--- DATASET EXTRACT Enclosed Below ---

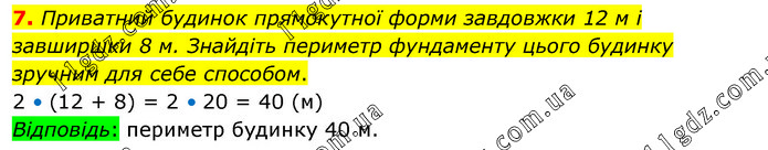 Приватний будинок прямокутної форми завдовжки 12 м і завширшки 8 м. Знайдіть периметр фундаменту цього будинку зручним для себе способом. 2 • (12 + 8) = 2 • 20 = 40 (м) Відповідь: периметр будинку 40 м.
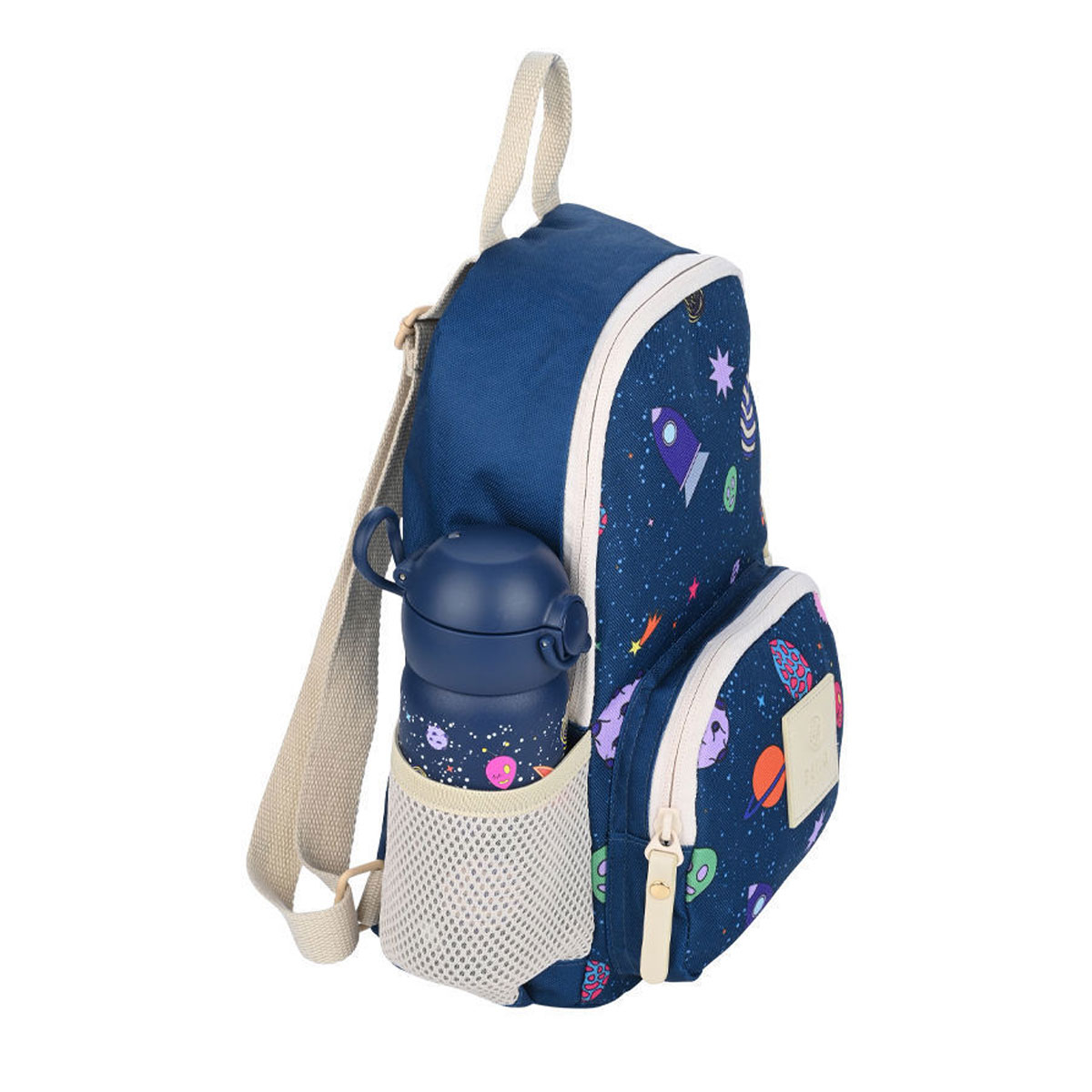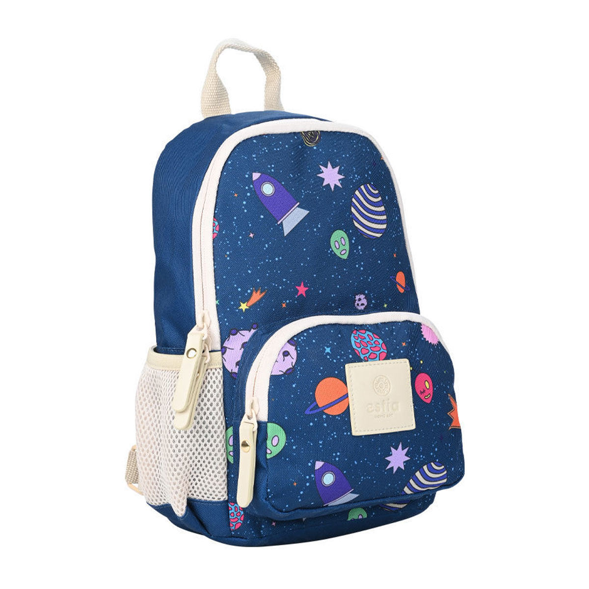 Τσάντα νηπιαγωγείου 6lt από την εταιρεία εstia και τη σειρά "Save The Aegean" σε μπλε χρώμα με πολύχρωμες λεπτομέρειες και μοντέρνο σχέδιο. Η εταιρεία εstia συνεισφέρει στον οργανισμό "Save The Aegean" με 1% επί των πωλήσεων, για καθαρότερες θάλασσες και ένα καλύτερο αύριο. Κατασκευασμένη από rPET υλικό, που προέρχεται από ανακυκλωμένα πλαστικά μπουκάλια. Διαθέτει μια μεγάλη θήκη με φερμουάρ. Εσωτερικά της έχει μία τσέπη. Μπροστά έχει μία μικρότερη θήκη με φερμουάρ και δύο πλαϊνές θήκες. Ιδανικές για την αποθήκευση μικρών αντικειμένων ή μπουκαλιών, δίνοντας εύκολη πρόσβαση. Οι ρυθμιζόμενοι ιμάντες εξασφαλίζουν βολική χρήση. Η θηλιά στο επάνω μέρος καθιστά επίσης εύκολη τη μεταφορά. Ιδανική τσάντα για τον παιδικό σταθμό, το νηπιαγωγείο, την εκδρομή ή οποιαδήποτε άλλη δραστηριότητα. Συνδυάστε τη με τα υπόλοιπα είδη της σειράς για ένα ολοκληρωμένο αποτέλεσμα.
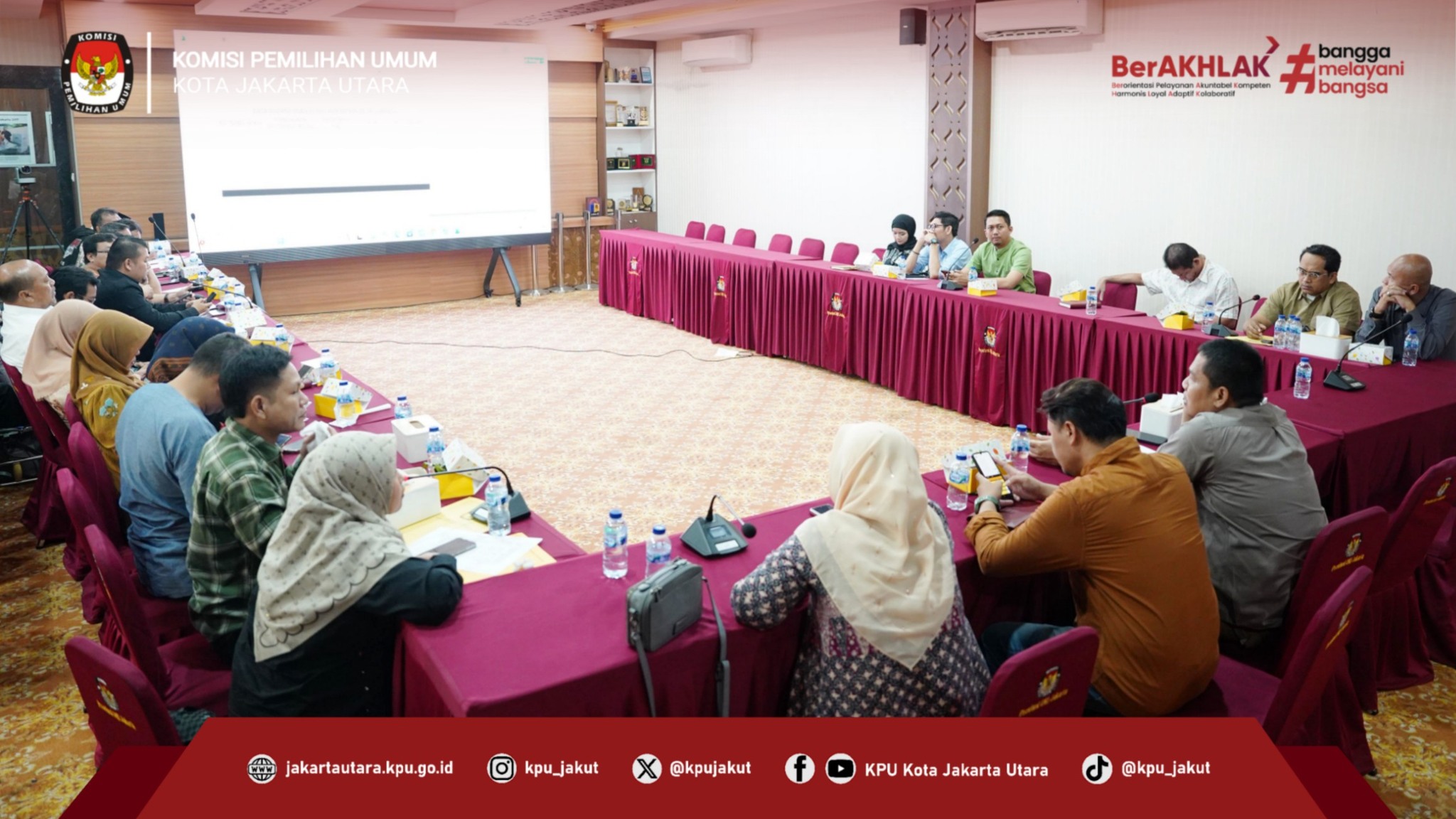 Ketua, Sekretaris dan Kasubbag Keuangan, Umum dan Logistik KPU Kota Jakarta Utara menghadiri Rapat Koordinasi Terkait Gudang Logistik di Lingkungan KPU Provinsi Daerah Khusus Jakarta.
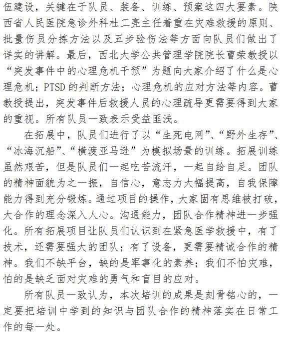 男同视频 派员参加国家及省市级紧急医学救援队员实战技能培训班

--- End of Enclosed DATASET EXTRACT ---

> **YOUR INSTRUCTIONS**
Any picture in the material is to be dropped; the rest is repeated exactly.

> **WRITTEN ANSWER**
 Приватний будинок прямокутної форми завдовжки 12 м і завширшки 8 м. Знайдіть периметр фундаменту цього будинку зручним для себе способом. 2 • (12 + 8) = 2 • 20 = 40 (м) Відповідь: периметр будинку 40 м.
 Τσάντα νηπιαγωγείου 6lt από την εταιρεία εstia και τη σειρά "Save The Aegean" σε μπλε χρώμα με πολύχρωμες λεπτομέρειες και μοντέρνο σχέδιο. Η εταιρεία εstia συνεισφέρει στον οργανισμό "Save The Aegean" με 1% επί των πωλήσεων, για καθαρότερες θάλασσες και ένα καλύτερο αύριο. Κατασκευασμένη από rPET υλικό, που προέρχεται από ανακυκλωμένα πλαστικά μπουκάλια. Διαθέτει μια μεγάλη θήκη με φερμουάρ. Εσωτερικά της έχει μία τσέπη. Μπροστά έχει μία μικρότερη θήκη με φερμουάρ και δύο πλαϊνές θήκες. Ιδανικές για την αποθήκευση μικρών αντικειμένων ή μπουκαλιών, δίνοντας εύκολη πρόσβαση. Οι ρυθμιζόμενοι ιμάντες εξασφαλίζουν βολική χρήση. Η θηλιά στο επάνω μέρος καθιστά επίσης εύκολη τη μεταφορά. Ιδανική τσάντα για τον παιδικό σταθμό, το νηπιαγωγείο, την εκδρομή ή οποιαδήποτε άλλη δραστηριότητα. Συνδυάστε τη με τα υπόλοιπα είδη της σειράς για ένα ολοκληρωμένο αποτέλεσμα.
 Ketua, Sekretaris dan Kasubbag Keuangan, Umum dan Logistik KPU Kota Jakarta Utara menghadiri Rapat Koordinasi Terkait Gudang Logistik di Lingkungan KPU Provinsi Daerah Khusus Jakarta.
 男同视频 派员参加国家及省市级紧急医学救援队员实战技能培训班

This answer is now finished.